Inviável é o modelo do agronegócio, que concentra cada vez mais terras, aumentando a pobreza no campo, produz apenas monoculturas, que deterioram a terra e destroem o meio ambiente, exporta toda a produção, aumentando a dependência externa do país, e utiliza um quantidade violenta de agrotóxicos, fazendo do país o maior consumidos do mundo. Claro que o agronegócio articula setores fortes, como os fazendeiros capitalistas, empresas transnacionais e o capital financeiro, com influência no congresso, no judiciário e na mídia. No entanto, o povo brasileiro perceberá que os impactos nocivos do modelo do agronegócio para a economia, para os camponeses, para o meio ambiente e para a saúde humana, colocando em marcha mobilizações que vão mudar a correlação de forças, enfrentar a classe dominante e fazer a reforma agrária.
- No último Congresso do MST, realizado em Brasília, as lideranças do movimento falaram muito na necessidade de incentivos à produção nos assentamentos. A tendência é de que o MST se volte mais para os assentamentos ou as pressões por desapropriações de terra seguirão durante o governo Dilma? Vamos continuar a luta pela terra e fazer um trabalho político mais intenso para organizar a produção nos assentamentos. Não existe uma contradição. Pelo contrário, são dois lados da mesma moeda. E temos boas perspectivas em relação ao governo Dilma em relação ao desenvolvimento dos assentamentos, porque só com políticas de geração de renda os assentados saem da pobreza, com a ampliação da assistência técnico, crédito para produção e a implementação de um programa de agroindústrias.
- Considerando que os movimentos sociais apoiaram Dilma na eleição, não existe o risco de a adesão ao governo aumentar ainda mais a crise dos movimentos?

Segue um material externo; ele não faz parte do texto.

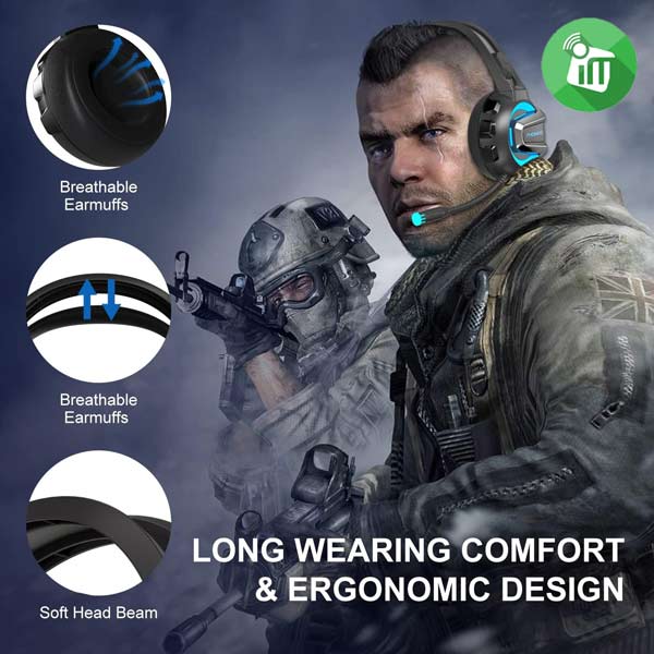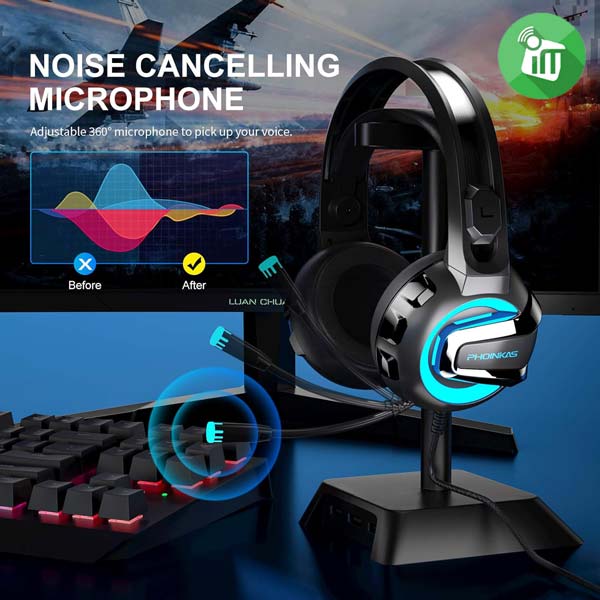 The Gaming Headset Omnidirectional adjustable highly sensitive microphone can pick up your sound sources in 360 degrees, can transmit your voice accurately, fluently, and clearly. No matter in 1V1 or teamwork, the noise-canceling microphone makes your words heard by your teammate clearly, leading to smooth in-game communication.

Quando um eleitor vota num candidato, ele não adere ao governo. A decisão do voto na eleição é baseada na comparação dos candidatos, e dos seus projetos políticos, tendo a perspectiva de que o seu escolhido esteja mais próximo da realização dos seus interesses e da derrota dos seus principais inimigos no pleito. Com os movimentos sociais, é a mesma coisa. Apoiamos a eleição de Dilma porque, dentre as forças sociais que sustentaram a candidatura dela, a classe trabalhadora teve um peso importante. Esperamos que essas forças mantenham uma unidade que seja capaz de fazer pressão para enfrentar os setores conservadores.